## PROBLEM DESCRIPTION
Among the entries below, only the lines starting at the one with "Abmessungen des Quadra" and ending at the one with "Es difícil no", both included, are to be printed exactly.

## DATA SUPPLIED
______________________________

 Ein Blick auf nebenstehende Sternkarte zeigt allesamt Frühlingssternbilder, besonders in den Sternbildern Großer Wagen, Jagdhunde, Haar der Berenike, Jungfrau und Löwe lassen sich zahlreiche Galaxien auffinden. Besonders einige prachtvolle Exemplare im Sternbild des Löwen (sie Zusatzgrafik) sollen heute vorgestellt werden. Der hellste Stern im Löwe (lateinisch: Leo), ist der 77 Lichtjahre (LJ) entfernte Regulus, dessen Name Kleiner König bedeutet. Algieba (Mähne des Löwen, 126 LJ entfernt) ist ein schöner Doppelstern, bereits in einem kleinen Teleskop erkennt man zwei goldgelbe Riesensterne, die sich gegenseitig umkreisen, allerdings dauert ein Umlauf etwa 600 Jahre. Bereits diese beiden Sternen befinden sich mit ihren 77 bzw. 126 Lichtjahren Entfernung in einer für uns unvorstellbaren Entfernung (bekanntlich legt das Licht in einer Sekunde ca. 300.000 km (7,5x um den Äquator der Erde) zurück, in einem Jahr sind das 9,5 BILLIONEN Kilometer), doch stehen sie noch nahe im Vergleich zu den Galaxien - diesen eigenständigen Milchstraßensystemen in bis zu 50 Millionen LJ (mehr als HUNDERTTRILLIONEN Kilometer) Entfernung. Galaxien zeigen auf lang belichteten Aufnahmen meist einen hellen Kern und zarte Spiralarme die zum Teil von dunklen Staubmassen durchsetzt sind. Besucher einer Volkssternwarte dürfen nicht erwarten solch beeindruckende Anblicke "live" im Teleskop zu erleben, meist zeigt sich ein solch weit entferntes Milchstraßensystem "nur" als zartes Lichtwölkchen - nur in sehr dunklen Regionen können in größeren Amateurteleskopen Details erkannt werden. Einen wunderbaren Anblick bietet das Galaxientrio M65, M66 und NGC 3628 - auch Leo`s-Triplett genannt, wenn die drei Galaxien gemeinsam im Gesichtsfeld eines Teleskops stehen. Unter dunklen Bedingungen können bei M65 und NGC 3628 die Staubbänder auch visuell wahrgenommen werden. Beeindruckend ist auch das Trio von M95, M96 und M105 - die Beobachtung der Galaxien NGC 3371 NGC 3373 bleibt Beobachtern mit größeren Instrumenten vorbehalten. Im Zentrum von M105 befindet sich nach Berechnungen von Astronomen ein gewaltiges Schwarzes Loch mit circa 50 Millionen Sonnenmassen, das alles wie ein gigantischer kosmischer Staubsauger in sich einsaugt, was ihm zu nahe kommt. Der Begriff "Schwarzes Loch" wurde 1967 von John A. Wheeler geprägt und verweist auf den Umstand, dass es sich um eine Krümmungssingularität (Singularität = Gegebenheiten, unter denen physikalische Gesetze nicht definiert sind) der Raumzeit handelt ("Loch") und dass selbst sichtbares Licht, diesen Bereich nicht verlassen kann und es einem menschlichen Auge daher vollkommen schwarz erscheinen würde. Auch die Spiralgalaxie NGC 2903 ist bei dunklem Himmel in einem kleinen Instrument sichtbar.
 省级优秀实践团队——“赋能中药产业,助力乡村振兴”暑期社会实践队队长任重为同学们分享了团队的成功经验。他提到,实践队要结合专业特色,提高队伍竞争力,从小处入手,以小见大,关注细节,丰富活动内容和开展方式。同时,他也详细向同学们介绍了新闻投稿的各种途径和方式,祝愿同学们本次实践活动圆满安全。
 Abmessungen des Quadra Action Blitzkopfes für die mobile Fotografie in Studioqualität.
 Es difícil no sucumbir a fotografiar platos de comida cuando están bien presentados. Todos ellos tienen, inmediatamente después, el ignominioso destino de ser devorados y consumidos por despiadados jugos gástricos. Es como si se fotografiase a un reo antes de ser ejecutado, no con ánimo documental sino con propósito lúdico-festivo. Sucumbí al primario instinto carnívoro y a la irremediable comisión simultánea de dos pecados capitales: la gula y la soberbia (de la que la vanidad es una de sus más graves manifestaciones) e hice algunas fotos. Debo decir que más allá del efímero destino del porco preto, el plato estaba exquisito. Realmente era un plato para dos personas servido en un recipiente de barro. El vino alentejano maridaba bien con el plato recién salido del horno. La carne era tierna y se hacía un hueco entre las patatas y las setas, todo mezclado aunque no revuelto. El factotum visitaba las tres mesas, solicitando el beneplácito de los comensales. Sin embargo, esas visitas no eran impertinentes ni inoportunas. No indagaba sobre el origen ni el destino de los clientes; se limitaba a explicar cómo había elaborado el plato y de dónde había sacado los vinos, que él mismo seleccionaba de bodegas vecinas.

______________________________

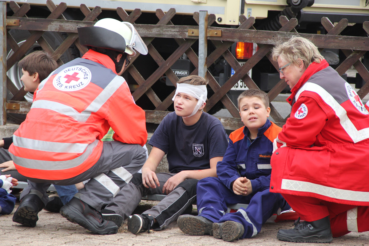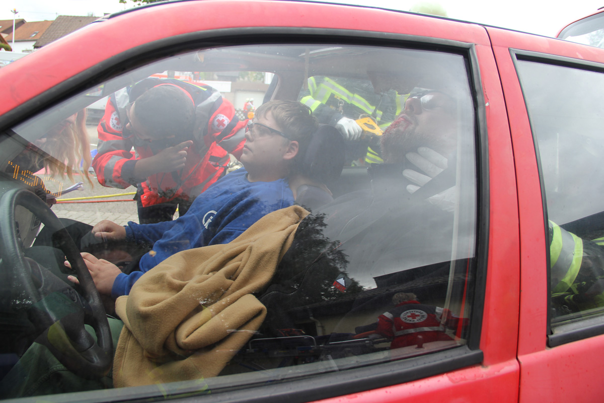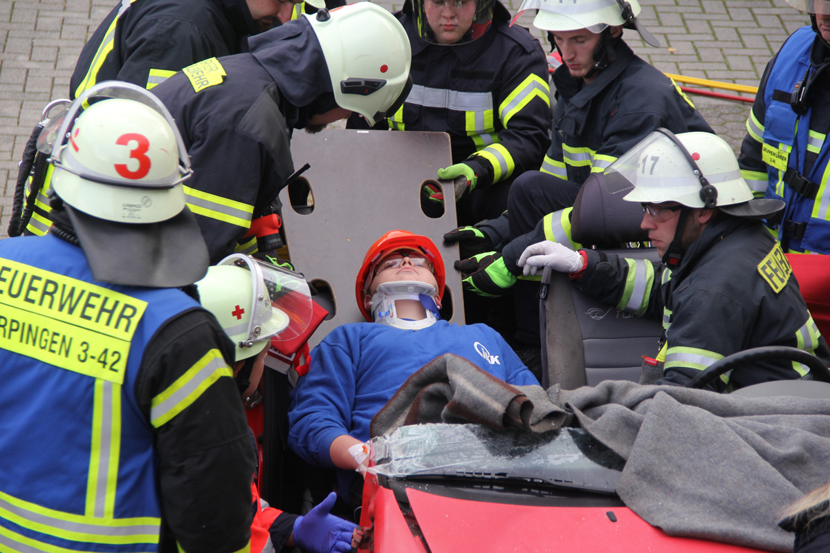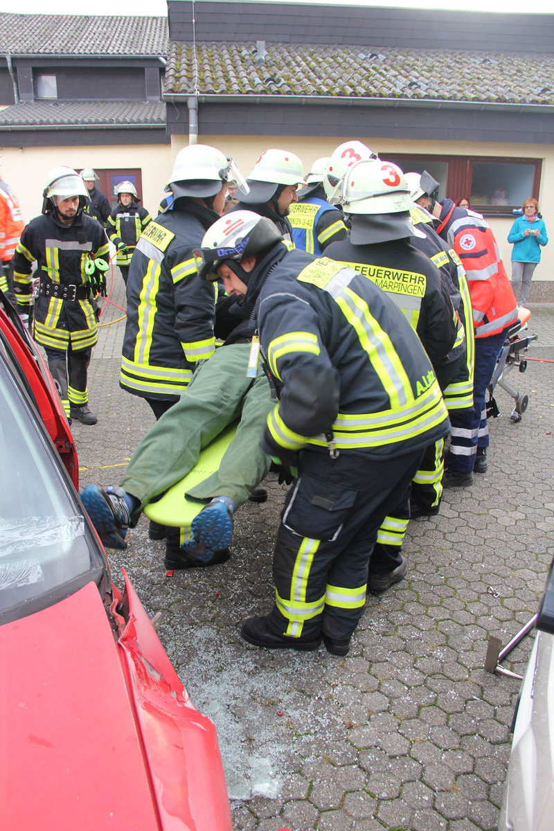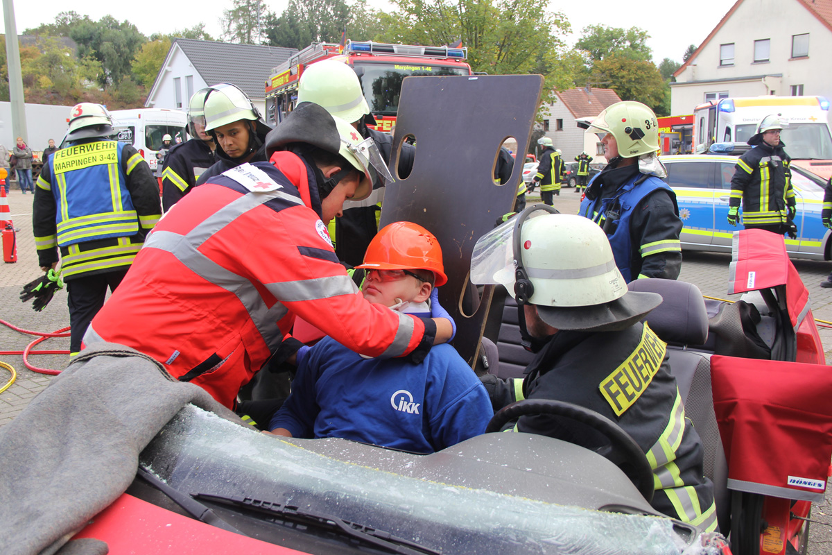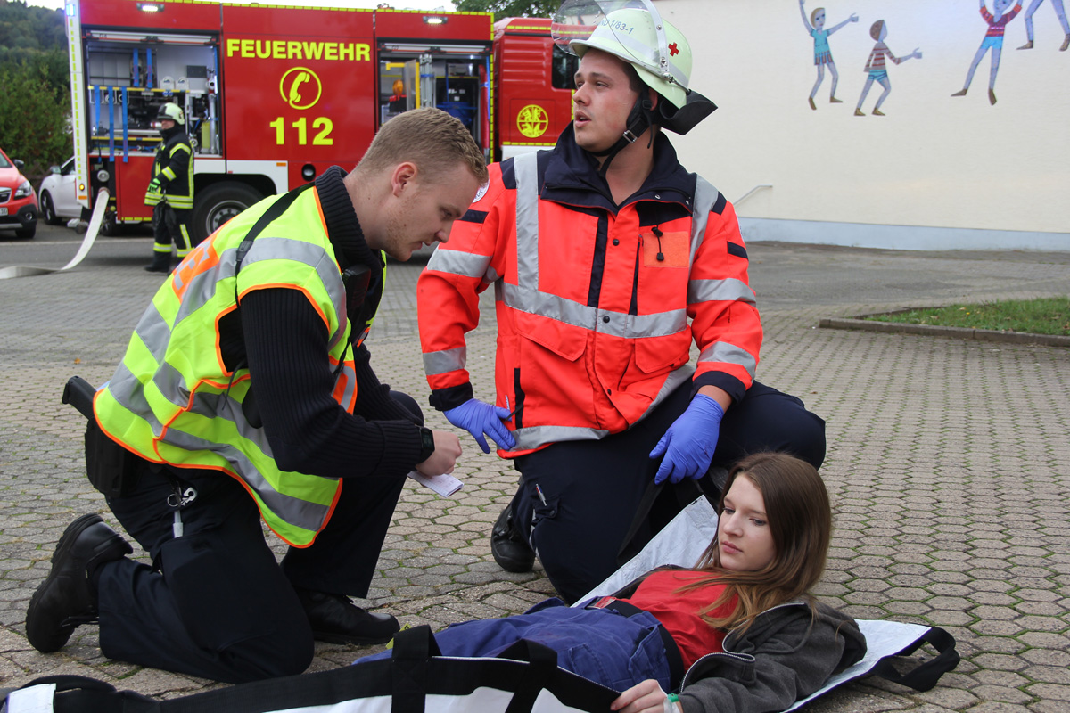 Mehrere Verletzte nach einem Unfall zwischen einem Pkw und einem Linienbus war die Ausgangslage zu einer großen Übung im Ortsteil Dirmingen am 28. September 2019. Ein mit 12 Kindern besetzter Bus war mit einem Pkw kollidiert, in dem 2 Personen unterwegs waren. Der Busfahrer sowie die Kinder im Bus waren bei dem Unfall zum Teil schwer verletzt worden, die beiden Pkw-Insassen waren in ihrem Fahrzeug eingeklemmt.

______________________________

## YOUR RESPONSE
 Abmessungen des Quadra Action Blitzkopfes für die mobile Fotografie in Studioqualität.
 Es difícil no sucumbir a fotografiar platos de comida cuando están bien presentados. Todos ellos tienen, inmediatamente después, el ignominioso destino de ser devorados y consumidos por despiadados jugos gástricos. Es como si se fotografiase a un reo antes de ser ejecutado, no con ánimo documental sino con propósito lúdico-festivo. Sucumbí al primario instinto carnívoro y a la irremediable comisión simultánea de dos pecados capitales: la gula y la soberbia (de la que la vanidad es una de sus más graves manifestaciones) e hice algunas fotos. Debo decir que más allá del efímero destino del porco preto, el plato estaba exquisito. Realmente era un plato para dos personas servido en un recipiente de barro. El vino alentejano maridaba bien con el plato recién salido del horno. La carne era tierna y se hacía un hueco entre las patatas y las setas, todo mezclado aunque no revuelto. El factotum visitaba las tres mesas, solicitando el beneplácito de los comensales. Sin embargo, esas visitas no eran impertinentes ni inoportunas. No indagaba sobre el origen ni el destino de los clientes; se limitaba a explicar cómo había elaborado el plato y de dónde había sacado los vinos, que él mismo seleccionaba de bodegas vecinas.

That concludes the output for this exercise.